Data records
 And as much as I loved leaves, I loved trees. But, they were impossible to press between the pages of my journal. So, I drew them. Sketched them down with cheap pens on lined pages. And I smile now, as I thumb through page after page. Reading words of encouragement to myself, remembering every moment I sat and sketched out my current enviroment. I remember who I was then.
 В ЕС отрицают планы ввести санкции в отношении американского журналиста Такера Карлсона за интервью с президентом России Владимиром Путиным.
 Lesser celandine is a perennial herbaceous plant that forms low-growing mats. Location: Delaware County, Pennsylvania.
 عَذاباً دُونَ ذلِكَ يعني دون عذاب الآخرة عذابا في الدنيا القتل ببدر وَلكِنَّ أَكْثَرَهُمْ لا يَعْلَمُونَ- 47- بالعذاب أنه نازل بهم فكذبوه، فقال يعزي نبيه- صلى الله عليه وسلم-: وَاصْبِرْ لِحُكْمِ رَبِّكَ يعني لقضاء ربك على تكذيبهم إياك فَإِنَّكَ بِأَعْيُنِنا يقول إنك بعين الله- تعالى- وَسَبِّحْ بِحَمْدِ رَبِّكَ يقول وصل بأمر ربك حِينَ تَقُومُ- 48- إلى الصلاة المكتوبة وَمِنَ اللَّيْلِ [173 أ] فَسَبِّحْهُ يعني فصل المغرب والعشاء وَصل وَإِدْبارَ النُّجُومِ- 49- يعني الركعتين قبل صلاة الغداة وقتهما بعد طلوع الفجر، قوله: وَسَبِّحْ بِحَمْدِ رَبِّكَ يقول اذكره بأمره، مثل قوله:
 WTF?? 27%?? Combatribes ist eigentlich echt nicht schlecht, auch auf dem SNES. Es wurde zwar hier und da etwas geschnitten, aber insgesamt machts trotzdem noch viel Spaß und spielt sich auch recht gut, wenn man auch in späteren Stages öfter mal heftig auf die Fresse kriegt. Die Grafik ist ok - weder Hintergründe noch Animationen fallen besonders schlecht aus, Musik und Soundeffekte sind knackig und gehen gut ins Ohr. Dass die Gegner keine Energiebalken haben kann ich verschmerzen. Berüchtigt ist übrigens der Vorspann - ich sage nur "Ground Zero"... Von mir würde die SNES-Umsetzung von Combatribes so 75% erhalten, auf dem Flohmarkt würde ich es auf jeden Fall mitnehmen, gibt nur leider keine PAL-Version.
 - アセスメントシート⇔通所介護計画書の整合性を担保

▶ [Description of the task] What do the lines above say from the one containing "Lesser celandine is" down to the one containing "عَذاباً دُونَ ذلِكَ"? Return them exactly, both end lines included, and only them.

▶ [Result for this exercise]
 Lesser celandine is a perennial herbaceous plant that forms low-growing mats. Location: Delaware County, Pennsylvania.
 عَذاباً دُونَ ذلِكَ يعني دون عذاب الآخرة عذابا في الدنيا القتل ببدر وَلكِنَّ أَكْثَرَهُمْ لا يَعْلَمُونَ- 47- بالعذاب أنه نازل بهم فكذبوه، فقال يعزي نبيه- صلى الله عليه وسلم-: وَاصْبِرْ لِحُكْمِ رَبِّكَ يعني لقضاء ربك على تكذيبهم إياك فَإِنَّكَ بِأَعْيُنِنا يقول إنك بعين الله- تعالى- وَسَبِّحْ بِحَمْدِ رَبِّكَ يقول وصل بأمر ربك حِينَ تَقُومُ- 48- إلى الصلاة المكتوبة وَمِنَ اللَّيْلِ [173 أ] فَسَبِّحْهُ يعني فصل المغرب والعشاء وَصل وَإِدْبارَ النُّجُومِ- 49- يعني الركعتين قبل صلاة الغداة وقتهما بعد طلوع الفجر، قوله: وَسَبِّحْ بِحَمْدِ رَبِّكَ يقول اذكره بأمره، مثل قوله:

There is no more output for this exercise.